• _ABOUT THIS TASK_
Transcribe the listing below exactly, leaving out each image.

• _DATA FOR ANALYSIS_

+-------+

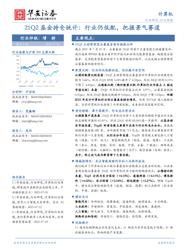 【华安证券】【20210726】20210726-华安证券-计算机行业周报:21Q2基金持仓统计:行业仍低配,把握景气赛道-15页 行业研究
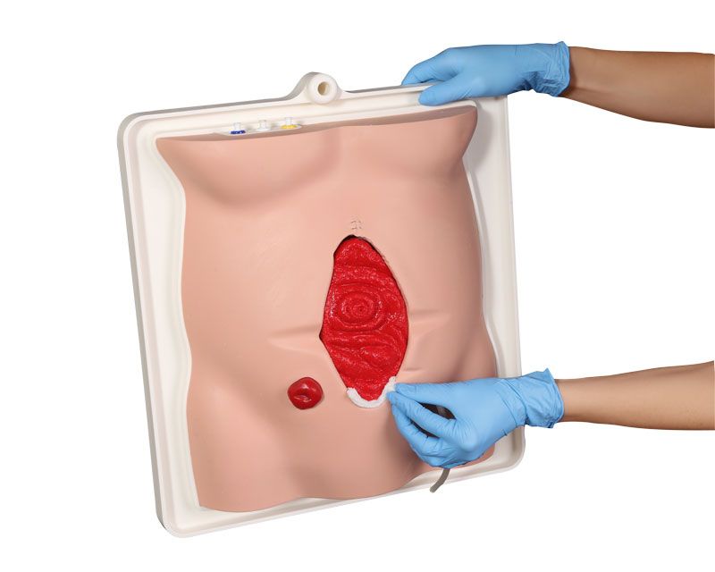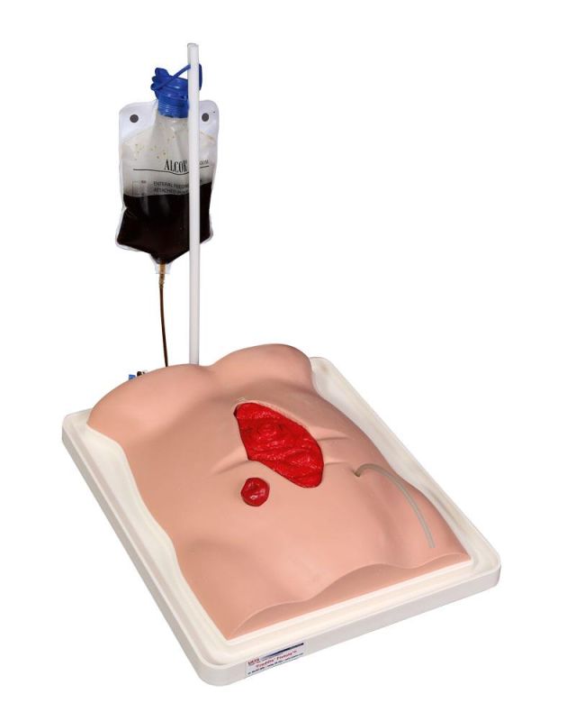 Freddie Fistula wurde entwickelt um Pflegekräften und medizinischen Ausbildern ein Übungsmodell zu bieten, mit dem effektiv das Wundmanagement von abdominalen Wunden mit aktiven Fisteln unterrichtet und geübt werden kann. Offene Abdominalwunden mit aktiv Flüssigkeit absondernden Fisteln stellen eine komplexe Herausforderung bei der Wundversorgung dar, die verschiedenste Behandlungsmodalitäten erfordert, um den Fistelausfluss zu kontrollieren und optimale Wundheilung zu gewährleisten. Der Freddie Fistula Wundversorgungs-Trainer beinhaltet innovatives Design und eine realistische offene Abdominalwunde mit freiliegendem Darm und drei aktiv Flüssigkeit abscheidenden Fisteln. Eine zentrale, stomatisierte Fistel ist leicht zu erkennen während die nicht stomatisierte und die versteckte Fistel nicht sofort zu erkennen sind und die Komplexität des Auffindens der Quelle der Flüssigkeitsabsonderung erhöhen, so dass es schwieriger ist, die Drainage unter Anwendung verschiedener Verbandmaterialien und –techniken (wie z.B. Vakkumtherapie) zu managen. Jede Kombination der drei Fisteln kann geöffnet werden, um Ausfluss zu erzeugen. Der Sockel des Modells ist als Schale angelegt, welche bis zu 700ml Flüssigkeit aufnehmen kann. Der Freddie Fistula Trainer hilft Kompetenz und Vertrauen aufzubauen in diesem anspruchsvollen Szenario und erlaubt es dem Übenden, einige der neuesten Wundbehandlungen und Techniken anzuwenden. Im Lieferumfang des Freddie Fistula Trainers ist ein Stativ für den 500 ml Reservoirbeutel, ein Drainageschlauch, eine Flasche mit künstlichem Sekret und ein 3-Wege-Schlauchset mit Farbcodierung und Absperrklemmen enthalten
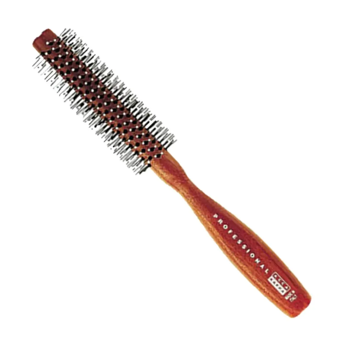 Spazzola tonda in legno acca kappa professionale con punte in nylon e pallina in resina resistente al phon, ideale per capelli medi o corti, ondulati o ricci. Made in Italy.
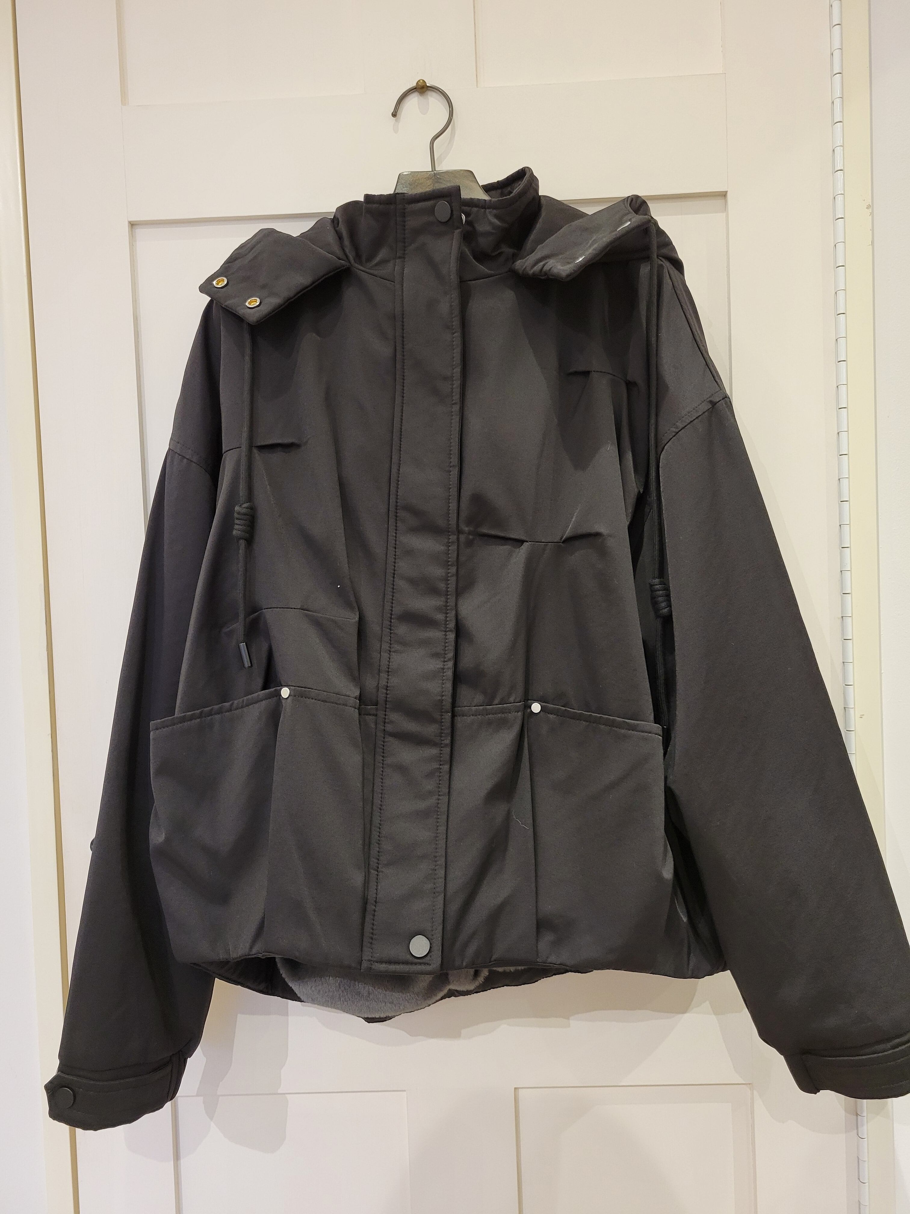 袖口まで続く内側ボアが暖かく、ファスナーを上まで閉めれば、スタンド風フードで、防寒対策バッチリ!
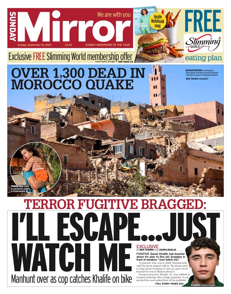 The Morocco earthquake dominates the Sunday People’s coverage with a vivid “Hell on Earth” headline.
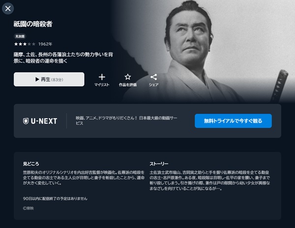 U-NEXTなら無料期間中のお試し期間内であれば、すぐに映画「祇園の暗殺者」の動画をフルに無料視聴することが出来ます。
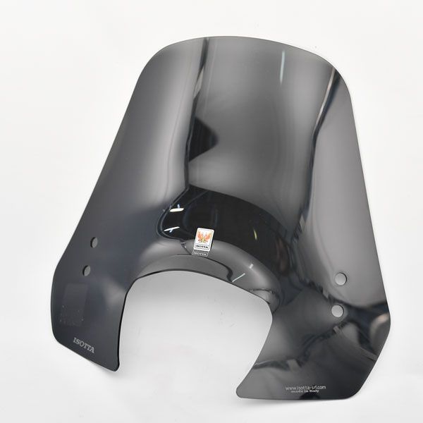 Das von Isotta hergestellte Windschild wurde entwickelt, um dem Fahrer ein optimales Erlebnis zu bieten, mit vergrößerten Abmessungen im Vergleich zum Original. Das Material besteht aus erstklassigem Plexiglas (PMMA), das aus einer nationalen oder europäischen Lieferkette stammt, um höchste Qualität und Rückverfolgbarkeit unserer ausschließlich in Italien hergestellten Produkte sicherzustellen. Dieses Material behält seine Transparenz und seinen Glanz im Laufe der Zeit bei.

+-------+

• _WRITTEN REPLY_
 【华安证券】【20210726】20210726-华安证券-计算机行业周报:21Q2基金持仓统计:行业仍低配,把握景气赛道-15页 行业研究
 Freddie Fistula wurde entwickelt um Pflegekräften und medizinischen Ausbildern ein Übungsmodell zu bieten, mit dem effektiv das Wundmanagement von abdominalen Wunden mit aktiven Fisteln unterrichtet und geübt werden kann. Offene Abdominalwunden mit aktiv Flüssigkeit absondernden Fisteln stellen eine komplexe Herausforderung bei der Wundversorgung dar, die verschiedenste Behandlungsmodalitäten erfordert, um den Fistelausfluss zu kontrollieren und optimale Wundheilung zu gewährleisten. Der Freddie Fistula Wundversorgungs-Trainer beinhaltet innovatives Design und eine realistische offene Abdominalwunde mit freiliegendem Darm und drei aktiv Flüssigkeit abscheidenden Fisteln. Eine zentrale, stomatisierte Fistel ist leicht zu erkennen während die nicht stomatisierte und die versteckte Fistel nicht sofort zu erkennen sind und die Komplexität des Auffindens der Quelle der Flüssigkeitsabsonderung erhöhen, so dass es schwieriger ist, die Drainage unter Anwendung verschiedener Verbandmaterialien und –techniken (wie z.B. Vakkumtherapie) zu managen. Jede Kombination der drei Fisteln kann geöffnet werden, um Ausfluss zu erzeugen. Der Sockel des Modells ist als Schale angelegt, welche bis zu 700ml Flüssigkeit aufnehmen kann. Der Freddie Fistula Trainer hilft Kompetenz und Vertrauen aufzubauen in diesem anspruchsvollen Szenario und erlaubt es dem Übenden, einige der neuesten Wundbehandlungen und Techniken anzuwenden. Im Lieferumfang des Freddie Fistula Trainers ist ein Stativ für den 500 ml Reservoirbeutel, ein Drainageschlauch, eine Flasche mit künstlichem Sekret und ein 3-Wege-Schlauchset mit Farbcodierung und Absperrklemmen enthalten
 Spazzola tonda in legno acca kappa professionale con punte in nylon e pallina in resina resistente al phon, ideale per capelli medi o corti, ondulati o ricci. Made in Italy.
 袖口まで続く内側ボアが暖かく、ファスナーを上まで閉めれば、スタンド風フードで、防寒対策バッチリ!
 The Morocco earthquake dominates the Sunday People’s coverage with a vivid “Hell on Earth” headline.
 U-NEXTなら無料期間中のお試し期間内であれば、すぐに映画「祇園の暗殺者」の動画をフルに無料視聴することが出来ます。
 Das von Isotta hergestellte Windschild wurde entwickelt, um dem Fahrer ein optimales Erlebnis zu bieten, mit vergrößerten Abmessungen im Vergleich zum Original. Das Material besteht aus erstklassigem Plexiglas (PMMA), das aus einer nationalen oder europäischen Lieferkette stammt, um höchste Qualität und Rückverfolgbarkeit unserer ausschließlich in Italien hergestellten Produkte sicherzustellen. Dieses Material behält seine Transparenz und seinen Glanz im Laufe der Zeit bei.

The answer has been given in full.